Fortunately, this is an area where TimescaleDB excels (no pun intended), with capabilities like gap filling and time_bucket
- a more powerful version of SQL date_trunc
. By gap filling the information in our weather dataset, we fill in every NULL value with the last (typically most recent) value for that sensor, by date.
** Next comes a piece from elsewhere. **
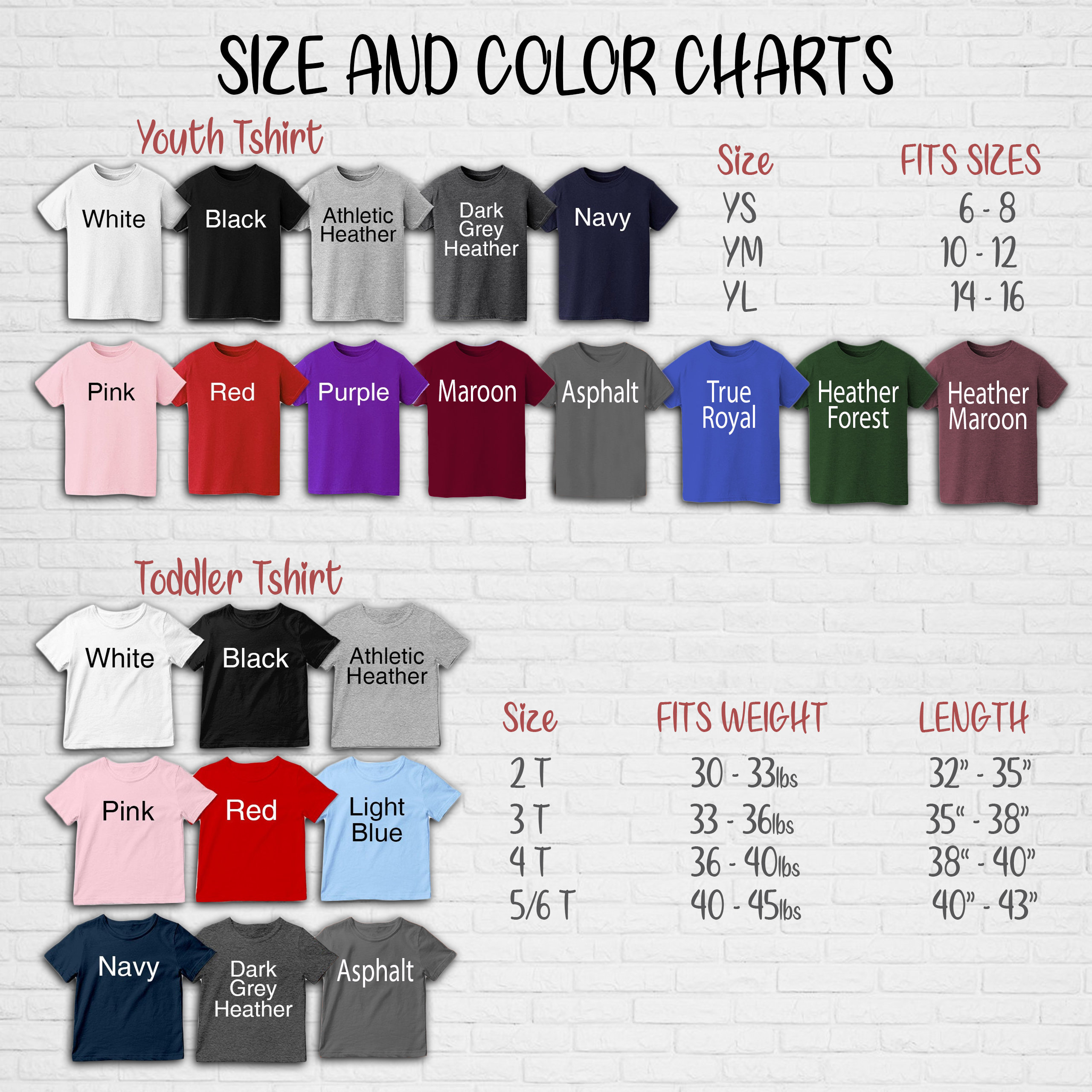 - Please check the color chart for the size and type of t-shirt you want, not every type of t-shirt has every color, the drop down menu will automatically appear on every color, but not every item, so please make sure to check, if you do not check the color chart, the closest item will be sent to you.

We call this “last observation carried forward” or locf
.
To do so, we use the Timescale time_bucket_gapfill
function:
SELECT
time_bucket_gapfill('1 day', weather_date) AS date,
name, latitude, longitude,
locf(avg(temp_mid), treat_null_as_missing:=true)
FROM weather
WHERE weather_date >= '2018-01-05' AND
weather_date <= '2018-01-30' AND
name = 'SAN FRANCISCO OCEANSIDE, CA US'
GROUP BY date, name, latitude, longitude
ORDER BY date
LIMIT 10;
You can read more about time_bucket_gapfill
in our documentation and blog post.
Now, when we run the query, we can see that our NULL value in the second row is replaced with the temperature value from the previous day:
date | name | latitude | longitude | locf
-----------+--------------------------------+----------+-----------+---------------------
2018-01-05 | SAN FRANCISCO OCEANSIDE, CA US | 37.728 | -122.5052 | 11.1000000000000000
2018-01-06 | SAN FRANCISCO OCEANSIDE, CA US | 37.728 | -122.5052 | 11.1000000000000000
2018-01-07 | SAN FRANCISCO OCEANSIDE, CA US | 37.728 | -122.5052 | 10.6000000000000000
2018-01-08 | SAN FRANCISCO OCEANSIDE, CA US | 37.728 | -122.5052 | 11.1000000000000000
2018-01-09 | SAN FRANCISCO OCEANSIDE, CA US | 37.728 | -122.5052 | 10.0000000000000000
2018-01-10 | SAN FRANCISCO OCEANSIDE, CA US | 37.728 | -122.5052 | 10.0000000000000000
2018-01-11 | SAN FRANCISCO OCEANSIDE, CA US | 37.728 | -122.5052 | 11.7000000000000000
2018-01-12 | SAN FRANCISCO OCEANSIDE, CA US | 37.728 | -122.5052 | 8.9000000000000000
2018-01-13 | SAN FRANCISCO OCEANSIDE, CA US | 37.728 | -122.5052 | 8.3000000000000000
2018-01-14 | SAN FRANCISCO OCEANSIDE, CA US | 37.728 | -122.5052 | 12.8000000000000000
(10 rows)
You can also use averages or your own computation to perform your gap filling operation. Consult the TimescaleDB documentation for more ideas based on your use case.
Conclusion
Public datasets are amazing. Whether you combine them with other public datasets or with your own proprietary data, they give you a wealth of resources to query, analyze, and use to better understand your world (whatever that means to you).
If you love public datasets or are intrigued by ways you can better use them, be sure to join our new meetup: DataPub: A Virtual Meetup for Public Data Enthusiasts. We'll meet online every month, and it's a great chance to hear from people using, creating, or building tools for public datasets.
Hopefully this post has given you some ideas and ways to overcome a few obstacles, so you can power through your data preparation and get to the best part: analysis, visualization, and sharing your findings with others.